Dentist's - Rip off

I had a private dentist very local who was telling me that I needed a Root Canal to save one of my five remaining molars in my lower mouth. Was told it'd cost £300 each session for 2 sessions, not including a crown which would cost another £250. OUCH.

He put in a temporary filling along with some meds to sooth the inflammation back in around December, I've been back once in March to have the temporary one re-done while I still make up my mind. Have had no pain since then, but I need to do something about it.

However, back in March I found out about a new surgery that was taking on NHS patients locally, I managed to score an appointment 4 months after they opened which I've just been to. The dentist was quick, to the point and efficient (German, figures!), he seemed good though. He x-rayed my mouth and had a good look around, agreeing that I need a root canal on the one tooth, all other fillings OK. I was chared £11 for that appointment and quoted £114 for the entire root canal, £50 for the crown. Booyah.
 
I had a private dentist very local who was telling me that I needed a Root Canal to save one of my five remaining molars in my lower mouth. Was told it'd cost £300 each session for 2 sessions, not including a crown which would cost another £250. OUCH.

He put in a temporary filling along with some meds to sooth the inflammation back in around December, I've been back once in March to have the temporary one re-done while I still make up my mind. Have had no pain since then, but I need to do something about it.

However, back in March I found out about a new surgery that was taking on NHS patients locally, I managed to score an appointment 4 months after they opened which I've just been to. The dentist was quick, to the point and efficient (German, figures!), he seemed good though. He x-rayed my mouth and had a good look around, agreeing that I need a root canal on the one tooth, all other fillings OK. I was chared £11 for that appointment and quoted £114 for the entire root canal, £50 for the crown. Booyah.


You get what you pay for...if you are happy to go along with this NHS treatment then by all means that is your choice, but FYI I am a dentist and here are some facts which you ought know about before you have NHS treatment.

1. A lot of NHS practices simply cannot afford to do proper root canal treatment (RCT). Ask yourself why some can and some can't...something has to give...often that is the quality.
2. It is both a legal, regulatory and clinical requirement to use rubber dam whenever a root canal treatment is carried out.
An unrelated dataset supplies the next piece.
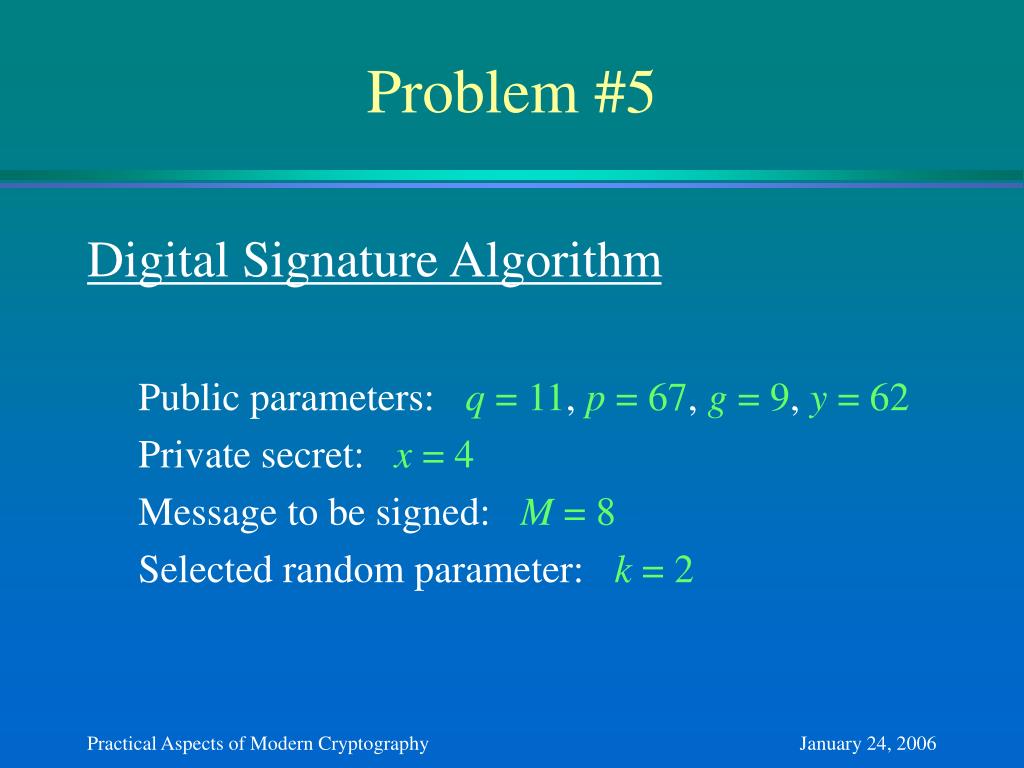 Problem #5 Digital Signature Algorithm Public parameters: q = 11, p = 67, g = 9, y = 62 Private secret: x = 4 Message to be signed: M = 8 Selected random parameter: k = 2 Practical Aspects of Modern Cryptography

Is your dentist going to do so, or are you going to risk having noxious chemicals or worse a small sharp instrument down your throat. Not to mention opening up the inside of your jaw to the microbes in your mouth via the root canal if rubber dam is not applied.
2. It takes at least 90 mins surgery time to carry out a proper RCT. Average breakeven costs for a dental surgery (ie before the dentist makes any money is around £100 per hour). You do the maths!
3. Proper RCT equipment is specialised..ie they shouldn't be using the same drill as they use for your other fillings-except at the start and finish. This equipment costs several thousand pounds.
4. Regulations and good advice states that root canal instruments can only be used once-there is a theoretical risk of prion transmission (CJD). Modern techniques use around £50 worth of SINGLE USE equipment. Is your dentist doing this or using the same equipment as for previous patients-albeit sterilised.

As I say you get what you pay for, but it's your choice.
 
Apfelbaum I figure whoever sells you protaper files and sold you your protaper machine well and truely ripped you off.
Single use yes, (only as some chump released interesting data regarding trasnmission) but you should be able to buy files cheaper than £50, even with VAT.
Some of us are forced to do RCT on the NHS, as our patients simply can't afford anything else, but we have strict policies regarding single use for any endodontic materials, but I would disagree with you regarding the 90 minutes surgery time.
 
I know what you mean. I went to have a check up on the 27th of July. My birthday was on the 20th of July (Turned 19). I was exempt from fees if I was in full time education (Which I am) and age 18. So because I turned 19 7 Days before my check up I had to pay :(

But still my xrays only cost £19. That was the full cost of the check up (Teeth count .... normal stuff + Xray)

Normal NHS Dentist.

/Johnathan
 
Apfelbaum I figure whoever sells you protaper files and sold you your protaper machine well and truely ripped you off.
Single use yes, (only as some chump released interesting data regarding trasnmission) but you should be able to buy files cheaper than £50, even with VAT.
Some of us are forced to do RCT on the NHS, as our patients simply can't afford anything else, but we have strict policies regarding single use for any endodontic materials, but I would disagree with you regarding the 90 minutes surgery time.

.


Hikari Kisugi I'm guessing you are an associate who earns 45/50% of gross regardless of overheads and direct costs. Of course, you are right it shouldn't be 90 mins, it should be longer. Here is my timing for RCT-if you can give me your own timings, I would be very happy to share the secrets of your success. Please feel free to shave some time of my own if you can find it anywhere.

Surgery prep 5 min

Full radiographic assessment from pressing button to reporting 2 min (longer if further assessment required or non-digital)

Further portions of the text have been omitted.